• [WORK INSTRUCTIONS]:
Using the data below, output a verbatim copy of the lines between the one holding "Ao encerramento da" and the one holding "中国云南红河弥勒锦屏山弥勒寺龙华宝塔航拍", inclusive, without any pictures.

• [DATA IN THIS EXERCISE]:
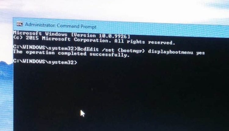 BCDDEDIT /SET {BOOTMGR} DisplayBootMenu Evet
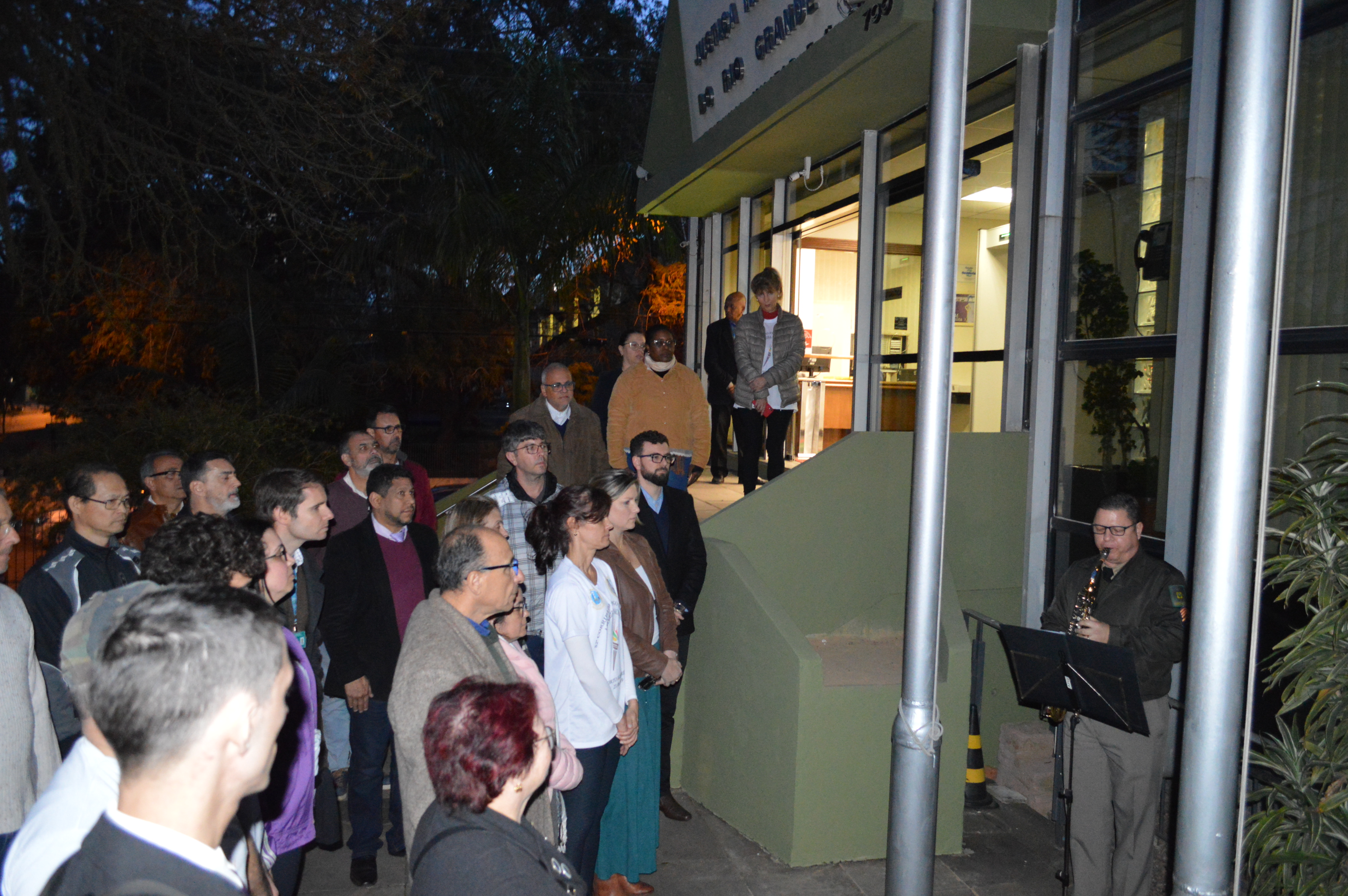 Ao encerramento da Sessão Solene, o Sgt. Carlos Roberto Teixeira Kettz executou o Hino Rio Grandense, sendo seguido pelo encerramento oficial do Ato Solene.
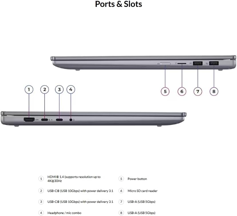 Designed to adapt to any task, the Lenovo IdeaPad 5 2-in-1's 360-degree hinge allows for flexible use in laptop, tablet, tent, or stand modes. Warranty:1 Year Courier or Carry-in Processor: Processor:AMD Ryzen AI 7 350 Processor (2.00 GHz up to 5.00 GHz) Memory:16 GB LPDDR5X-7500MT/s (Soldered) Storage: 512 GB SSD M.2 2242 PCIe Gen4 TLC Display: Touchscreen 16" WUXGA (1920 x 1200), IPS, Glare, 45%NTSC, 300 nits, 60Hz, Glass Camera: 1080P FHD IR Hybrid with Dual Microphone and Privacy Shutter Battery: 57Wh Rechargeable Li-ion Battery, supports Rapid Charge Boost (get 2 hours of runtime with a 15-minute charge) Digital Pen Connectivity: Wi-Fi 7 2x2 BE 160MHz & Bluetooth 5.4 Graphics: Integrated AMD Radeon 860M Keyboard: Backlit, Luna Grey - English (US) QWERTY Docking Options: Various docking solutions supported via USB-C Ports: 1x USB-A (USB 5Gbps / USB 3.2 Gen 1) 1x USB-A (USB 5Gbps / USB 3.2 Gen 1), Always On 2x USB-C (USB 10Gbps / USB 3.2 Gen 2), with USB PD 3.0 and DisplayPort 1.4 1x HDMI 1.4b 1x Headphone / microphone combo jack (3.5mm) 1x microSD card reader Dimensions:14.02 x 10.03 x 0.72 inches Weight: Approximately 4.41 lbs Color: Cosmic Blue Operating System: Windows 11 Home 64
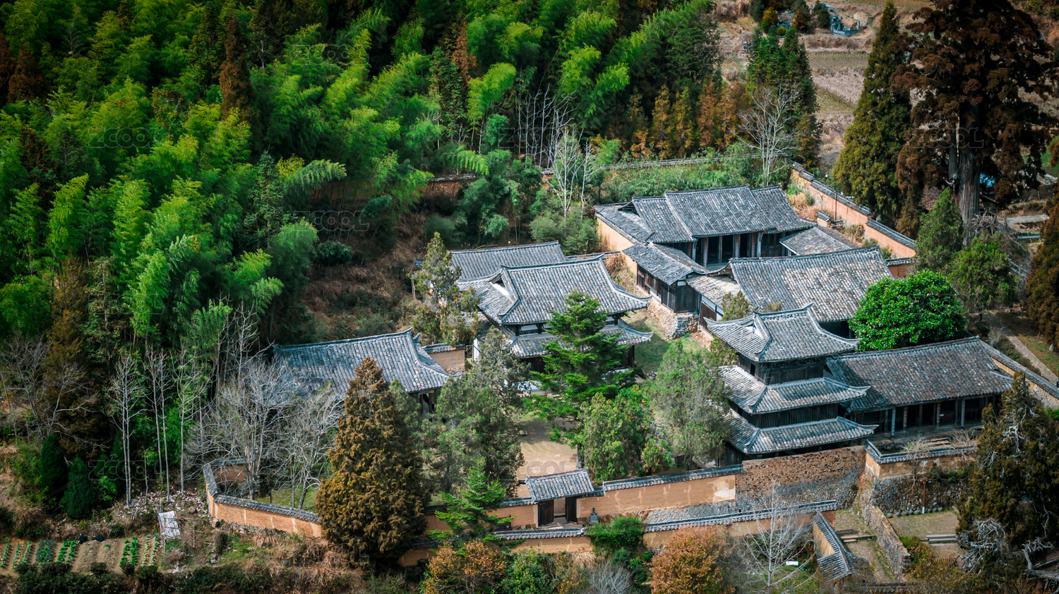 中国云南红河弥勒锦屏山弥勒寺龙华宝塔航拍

==

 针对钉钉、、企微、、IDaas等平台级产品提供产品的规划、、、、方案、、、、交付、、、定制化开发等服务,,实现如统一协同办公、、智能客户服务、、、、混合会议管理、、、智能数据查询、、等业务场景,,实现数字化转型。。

• [THE COMPLETED TASK]:
 Ao encerramento da Sessão Solene, o Sgt. Carlos Roberto Teixeira Kettz executou o Hino Rio Grandense, sendo seguido pelo encerramento oficial do Ato Solene.
 Designed to adapt to any task, the Lenovo IdeaPad 5 2-in-1's 360-degree hinge allows for flexible use in laptop, tablet, tent, or stand modes. Warranty:1 Year Courier or Carry-in Processor: Processor:AMD Ryzen AI 7 350 Processor (2.00 GHz up to 5.00 GHz) Memory:16 GB LPDDR5X-7500MT/s (Soldered) Storage: 512 GB SSD M.2 2242 PCIe Gen4 TLC Display: Touchscreen 16" WUXGA (1920 x 1200), IPS, Glare, 45%NTSC, 300 nits, 60Hz, Glass Camera: 1080P FHD IR Hybrid with Dual Microphone and Privacy Shutter Battery: 57Wh Rechargeable Li-ion Battery, supports Rapid Charge Boost (get 2 hours of runtime with a 15-minute charge) Digital Pen Connectivity: Wi-Fi 7 2x2 BE 160MHz & Bluetooth 5.4 Graphics: Integrated AMD Radeon 860M Keyboard: Backlit, Luna Grey - English (US) QWERTY Docking Options: Various docking solutions supported via USB-C Ports: 1x USB-A (USB 5Gbps / USB 3.2 Gen 1) 1x USB-A (USB 5Gbps / USB 3.2 Gen 1), Always On 2x USB-C (USB 10Gbps / USB 3.2 Gen 2), with USB PD 3.0 and DisplayPort 1.4 1x HDMI 1.4b 1x Headphone / microphone combo jack (3.5mm) 1x microSD card reader Dimensions:14.02 x 10.03 x 0.72 inches Weight: Approximately 4.41 lbs Color: Cosmic Blue Operating System: Windows 11 Home 64
 中国云南红河弥勒锦屏山弥勒寺龙华宝塔航拍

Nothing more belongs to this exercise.